EXERCISE DIRECTIONS
If a line below falls between the line with "モーニング娘。も (Wow×4) |" and the line with "En haut de cet", or is one of those two, output it exactly; output nothing else and no pictures.

THE DATA
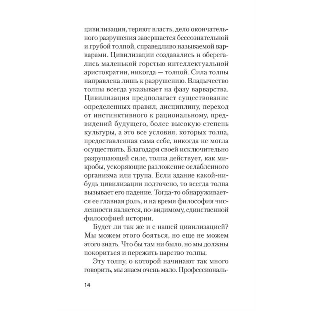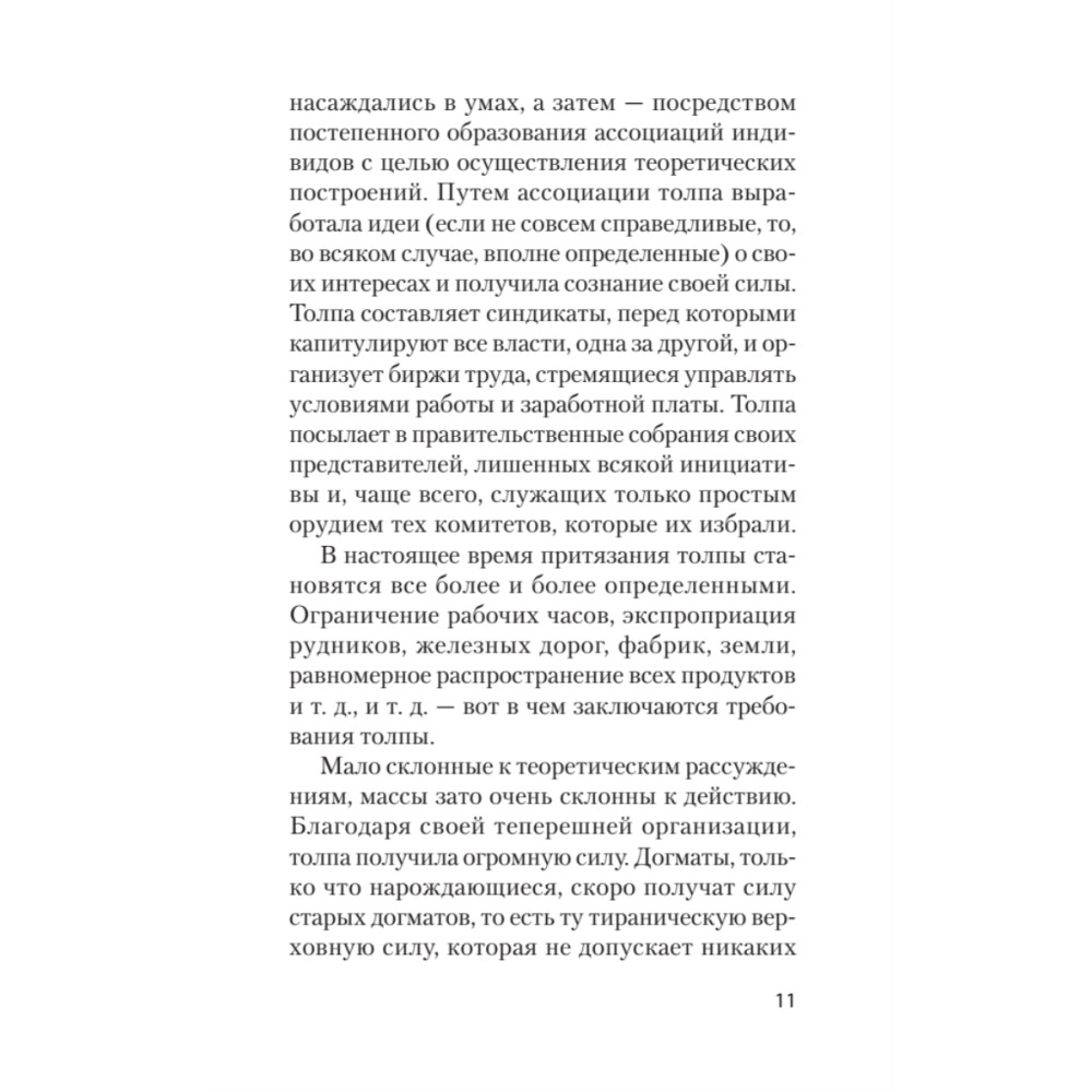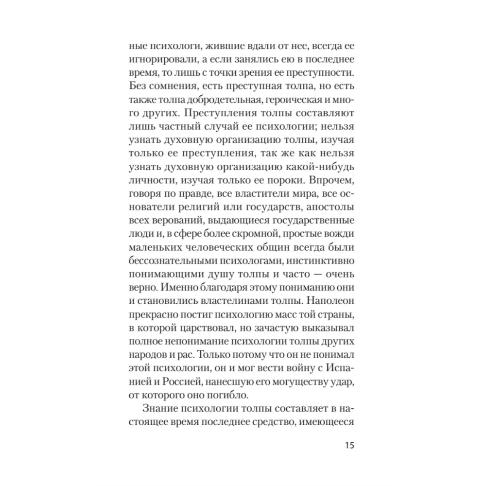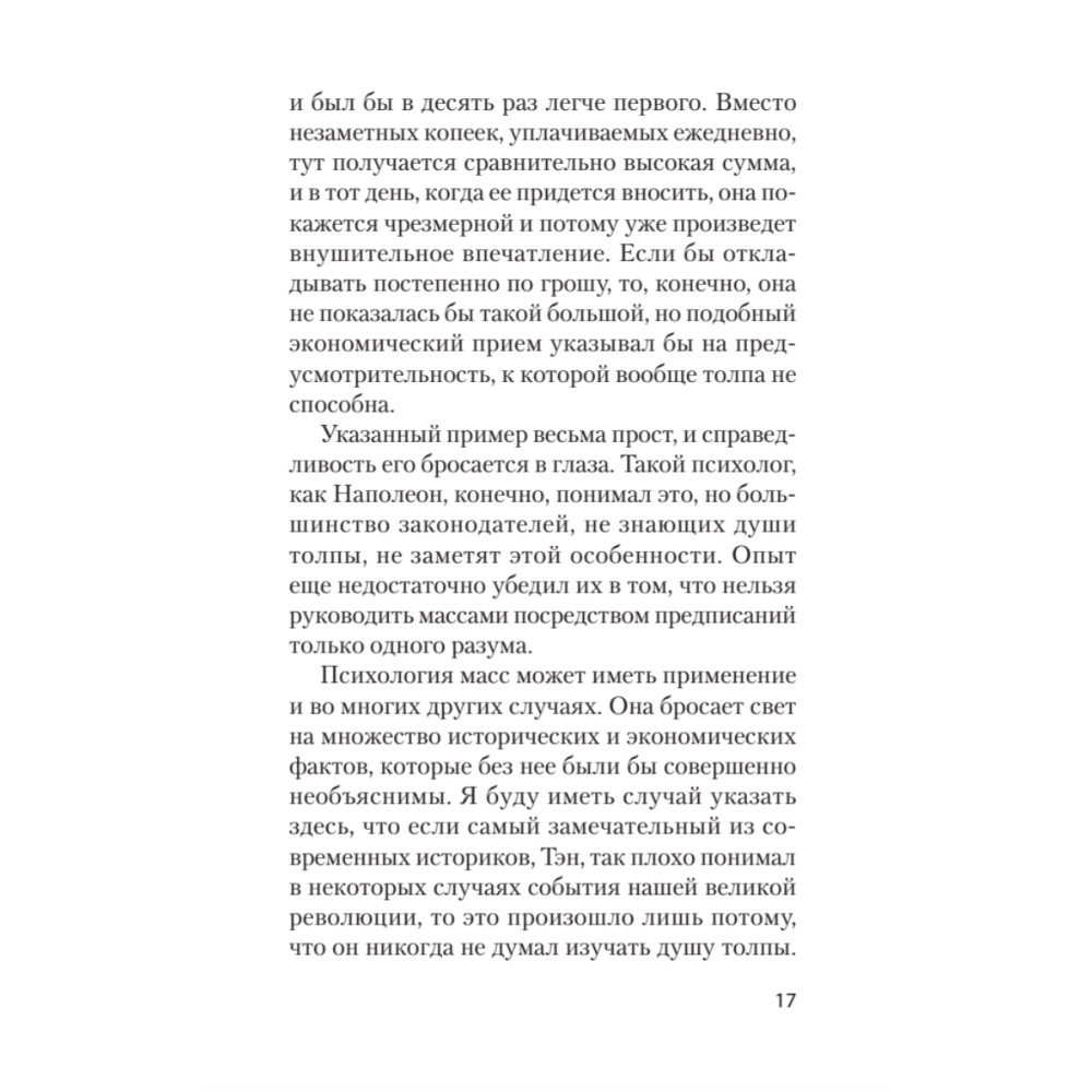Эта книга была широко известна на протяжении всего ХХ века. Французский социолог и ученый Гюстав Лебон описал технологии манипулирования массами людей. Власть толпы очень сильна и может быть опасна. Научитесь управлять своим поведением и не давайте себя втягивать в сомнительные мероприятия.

...

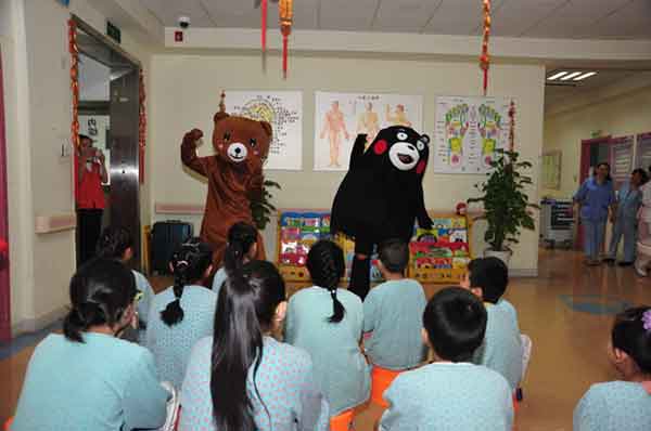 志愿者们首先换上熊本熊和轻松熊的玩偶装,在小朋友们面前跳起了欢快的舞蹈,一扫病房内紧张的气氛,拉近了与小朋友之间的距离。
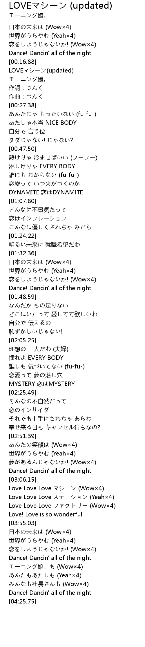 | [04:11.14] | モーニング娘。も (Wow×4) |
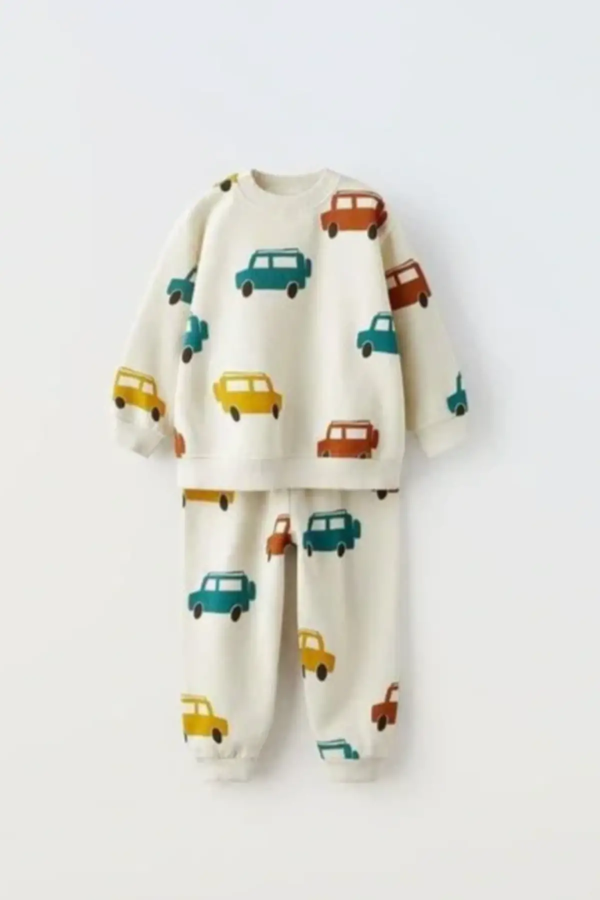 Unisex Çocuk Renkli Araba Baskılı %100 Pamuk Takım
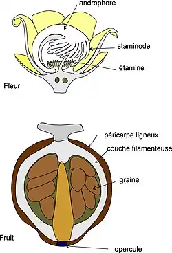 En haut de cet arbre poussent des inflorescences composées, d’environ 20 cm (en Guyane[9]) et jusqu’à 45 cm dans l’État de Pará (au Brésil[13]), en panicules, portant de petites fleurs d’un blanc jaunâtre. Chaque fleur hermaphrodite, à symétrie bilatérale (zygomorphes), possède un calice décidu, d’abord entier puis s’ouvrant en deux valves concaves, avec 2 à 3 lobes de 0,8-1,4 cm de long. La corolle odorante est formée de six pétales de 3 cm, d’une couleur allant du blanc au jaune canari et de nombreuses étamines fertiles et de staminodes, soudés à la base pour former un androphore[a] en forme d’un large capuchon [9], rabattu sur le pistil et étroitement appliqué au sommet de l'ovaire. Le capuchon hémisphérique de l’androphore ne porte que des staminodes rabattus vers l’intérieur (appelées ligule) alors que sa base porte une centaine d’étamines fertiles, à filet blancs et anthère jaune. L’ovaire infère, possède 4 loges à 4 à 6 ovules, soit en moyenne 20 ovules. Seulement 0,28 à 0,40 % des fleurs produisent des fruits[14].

==

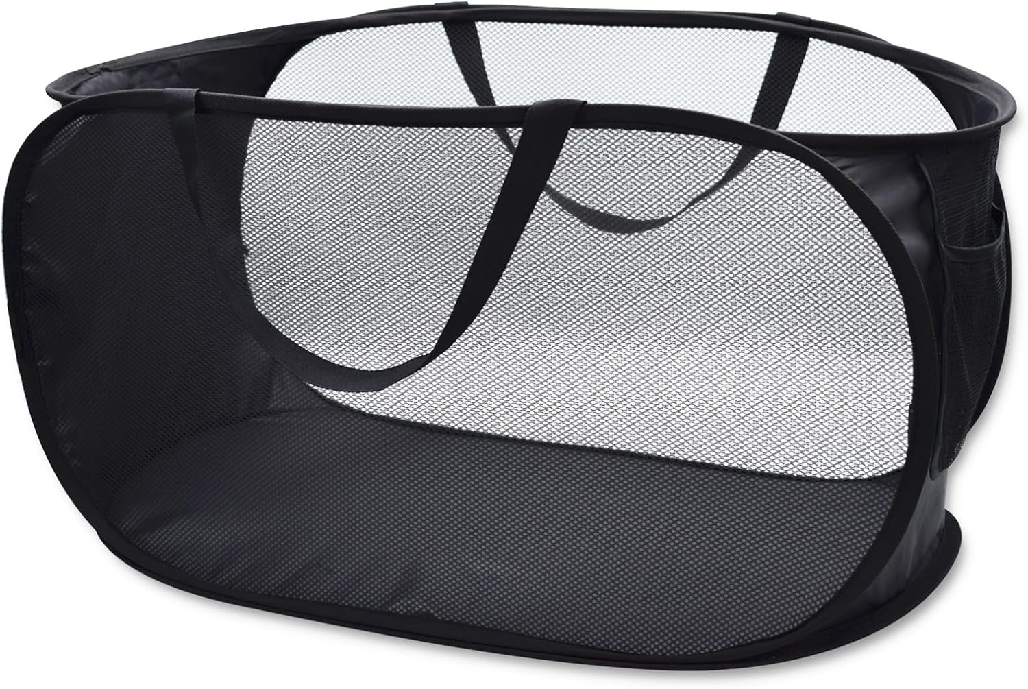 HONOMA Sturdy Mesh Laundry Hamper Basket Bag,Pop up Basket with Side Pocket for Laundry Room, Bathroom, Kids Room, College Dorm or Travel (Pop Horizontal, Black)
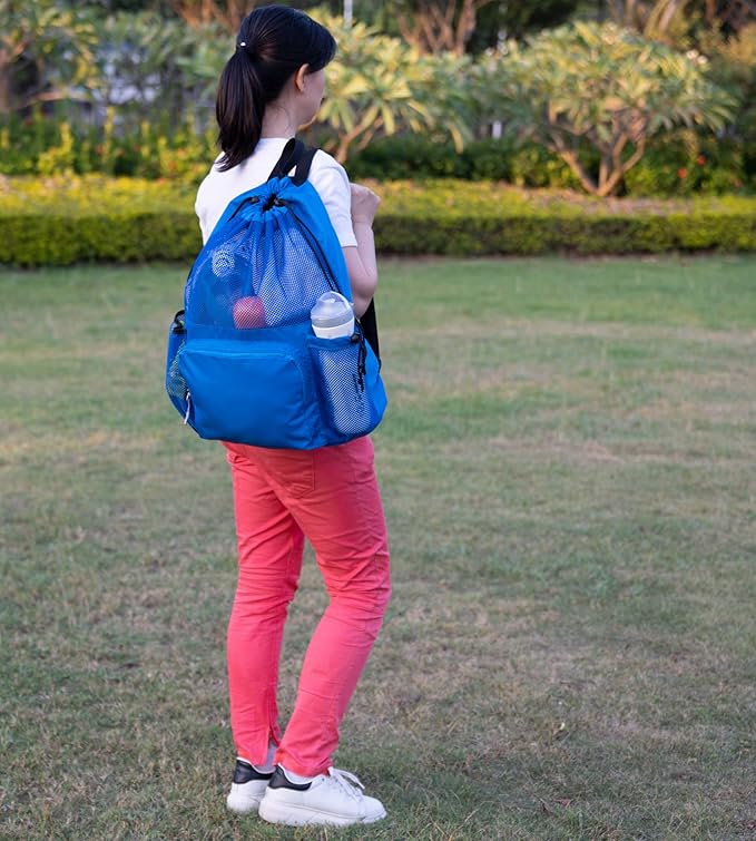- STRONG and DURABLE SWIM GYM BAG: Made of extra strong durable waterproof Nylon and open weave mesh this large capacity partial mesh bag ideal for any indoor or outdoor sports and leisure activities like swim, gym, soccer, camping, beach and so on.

THE ANSWER
 | [04:11.14] | モーニング娘。も (Wow×4) |
 Unisex Çocuk Renkli Araba Baskılı %100 Pamuk Takım
 En haut de cet arbre poussent des inflorescences composées, d’environ 20 cm (en Guyane[9]) et jusqu’à 45 cm dans l’État de Pará (au Brésil[13]), en panicules, portant de petites fleurs d’un blanc jaunâtre. Chaque fleur hermaphrodite, à symétrie bilatérale (zygomorphes), possède un calice décidu, d’abord entier puis s’ouvrant en deux valves concaves, avec 2 à 3 lobes de 0,8-1,4 cm de long. La corolle odorante est formée de six pétales de 3 cm, d’une couleur allant du blanc au jaune canari et de nombreuses étamines fertiles et de staminodes, soudés à la base pour former un androphore[a] en forme d’un large capuchon [9], rabattu sur le pistil et étroitement appliqué au sommet de l'ovaire. Le capuchon hémisphérique de l’androphore ne porte que des staminodes rabattus vers l’intérieur (appelées ligule) alors que sa base porte une centaine d’étamines fertiles, à filet blancs et anthère jaune. L’ovaire infère, possède 4 loges à 4 à 6 ovules, soit en moyenne 20 ovules. Seulement 0,28 à 0,40 % des fleurs produisent des fruits[14].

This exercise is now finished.